Published online by Cambridge University Press: 05 August 2012
He who desires or attempts to reform the government of a state, and wishes to have it accepted and capable of maintaining itself to the satisfaction of everybody, must at least retain the semblance of the old forms; so that it may seem to the people that there has been no change in the institutions, even though they are entirely different from the old ones.
Niccolò MachiavelliThe newly emerging regimes, democracies or otherwise, around the world, including those of the breakaway republics of the former Soviet Union, provide a wide range of vastly different possibilities for political change and regime transitions. This range includes states that have been challenged on either one or two fronts: the legitimacy of the political entity itself and/or the nature of its regime.

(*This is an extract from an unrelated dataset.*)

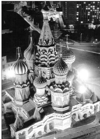
Покровський собор, саме так освячен цей всім відомий храм

Усвідомлення Матері Божої як «непереможної Перемоги», перед любов'ю і милосердям якої не можуть встояти ніякі сили зла,

First, there are states whose very existence, because of their multiethnic compositions and the crisis associated with political changes in nondemocratic regimes, failed to acquire or sustain de jure status over the full territory to which they claim sovereignty. This fact has led to the complete dissolution of the states, the partial breakup of constituent entities within the former state, the emergence of new states, or the subsuming of, or capitulation to, former state institutions. Examples of the last two categories could be the way in which Yeltsin and Russia absorbed the major institutions of Soviet power, and the way the former German Democratic Republic was absorbed by the larger institutions of the Federal Republic.